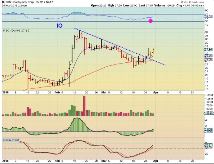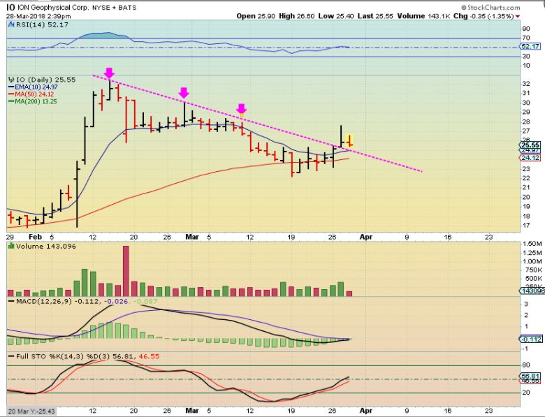 As an example: I bought IO a couple of days ago and I added too. This is like buying a 3x etf.  Tuesday it rallied almost $4 above the 10sma!  And then sold off into the close. Wednesday it rallied again about $1.50 and then sold off to down almost $1.  It closed down 50 cents,  but that isn’t as fun of a ride as it looks, I know, I own it  🙂   It still looks bullish, but I owned this semi- heavy and gaining $3 / share Tuesday and closing down $2 below that point the next day is just a choppy mess.  I am still in this above the 50 & 10 sma,  but it is going no where until the markets bottom.
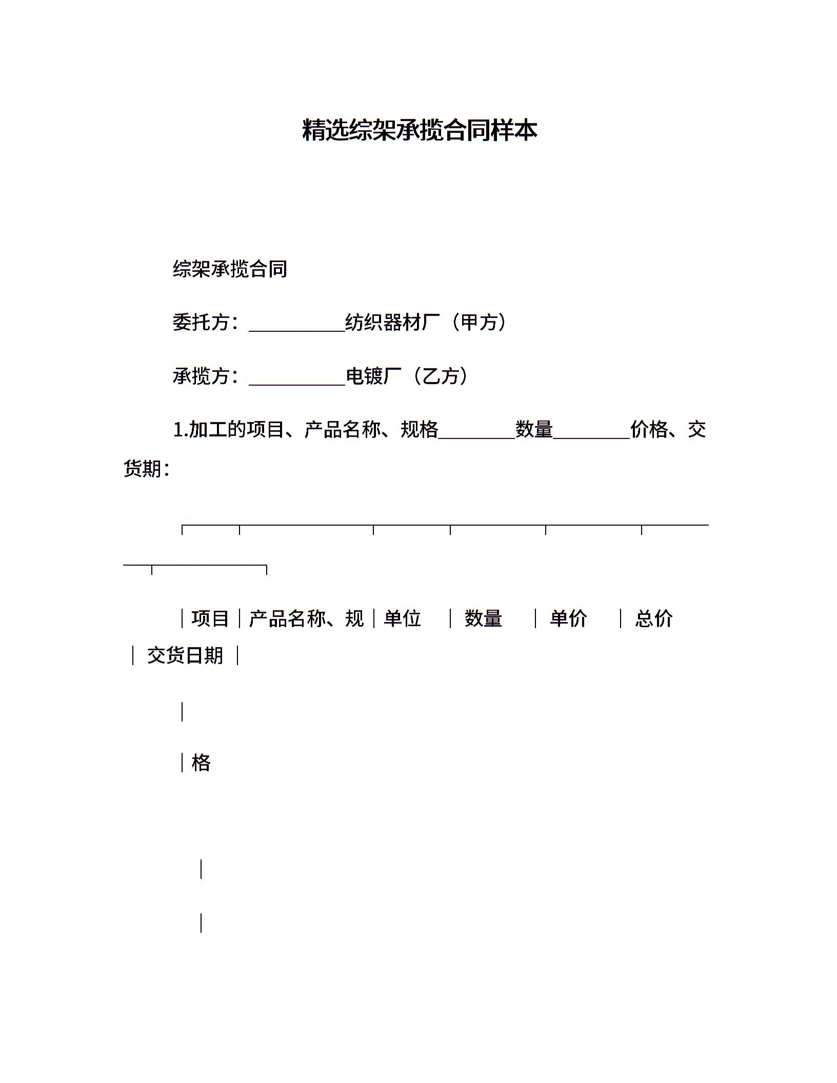 精选综架承揽合同样本
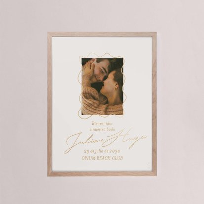 Una vez comentada la utilidad de los carteles, es necesario subrayar que se adaptan a la perfección a los gustos de los contrayentes. De preferir la decoración más clásica, hallarás opciones con el color blanco de fondo y las tipografías en tonos pastel o dorados.
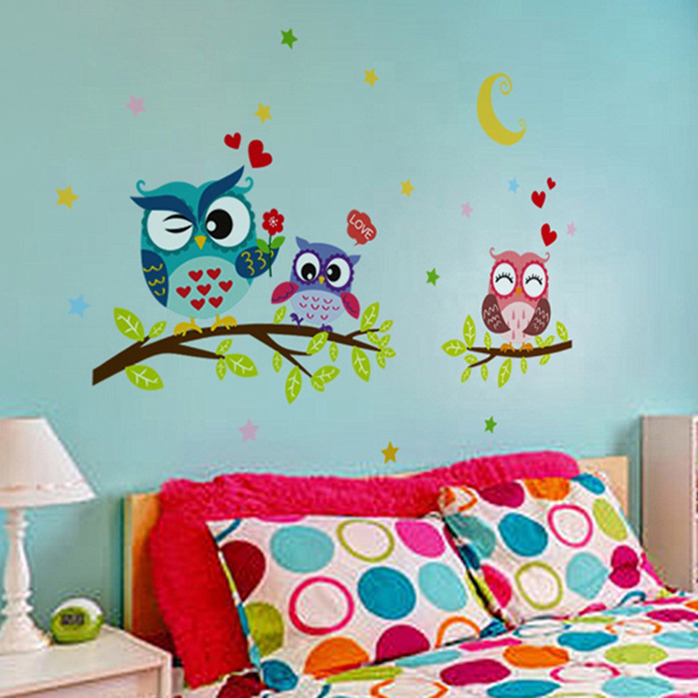 Removable Waterproof Cartoon Owl Wall Stickers Children Kids Diy
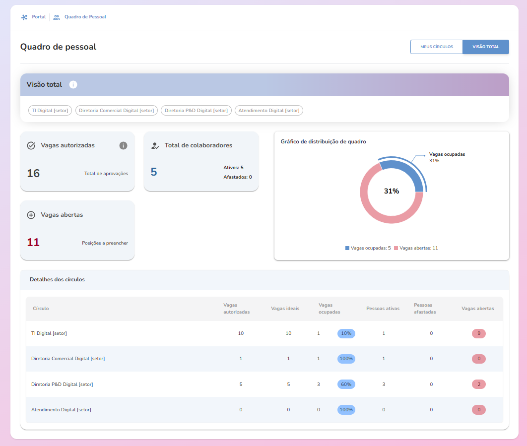 Com essa ferramenta, os líderes podem visualizar a composição atual de seus círculos e dos círculos subordinados, identificando gargalos, excesso ou falta de pessoas e comparando a composição ideal x atual de forma prática e estruturada.
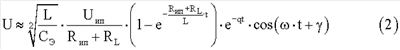 Электрические колебания, возникающие в секции II катушки индуктивности 4, являются электростимулирующим сигналом. Амплитуда напряжения на электродах 5 и 6 и тока через межэлектродную ткань зависит от уровня электромагнитной энергии, накопленной в катушке индуктивности за время действия открывающего импульса и от реактивной емкостной и активной составляющих импеданса межэлектродной ткани. Из уравнения (1) видно, что изменяя длительность открывающих импульсов, подаваемых на вход электронного ключа 3, можно управлять уровнем энергии электростимулирующего воздействия, амплитуда, ток, частота и затухание электрических колебаний которого могут описываться уравнениями (2) (5), где U – напряжение электрических колебаний между активным 5 и пассивным 6 электродами, I – электростимулирующий ток, – частота, q – затухание электрических колебаний, , – углы запаздывания, остальные обозначения расшифрованы выше.

----

## [REQUIRED ACTION]
Only one thing is wanted here, an exact copy of the lines from the first line above through the line containing "Com essa ferramenta, os", minus any picture.

## [RESPONSE TO THE EXERCISE]
 As an example: I bought IO a couple of days ago and I added too. This is like buying a 3x etf.  Tuesday it rallied almost $4 above the 10sma!  And then sold off into the close. Wednesday it rallied again about $1.50 and then sold off to down almost $1.  It closed down 50 cents,  but that isn’t as fun of a ride as it looks, I know, I own it  🙂   It still looks bullish, but I owned this semi- heavy and gaining $3 / share Tuesday and closing down $2 below that point the next day is just a choppy mess.  I am still in this above the 50 & 10 sma,  but it is going no where until the markets bottom.
 精选综架承揽合同样本
 Una vez comentada la utilidad de los carteles, es necesario subrayar que se adaptan a la perfección a los gustos de los contrayentes. De preferir la decoración más clásica, hallarás opciones con el color blanco de fondo y las tipografías en tonos pastel o dorados.
 Removable Waterproof Cartoon Owl Wall Stickers Children Kids Diy
 Com essa ferramenta, os líderes podem visualizar a composição atual de seus círculos e dos círculos subordinados, identificando gargalos, excesso ou falta de pessoas e comparando a composição ideal x atual de forma prática e estruturada.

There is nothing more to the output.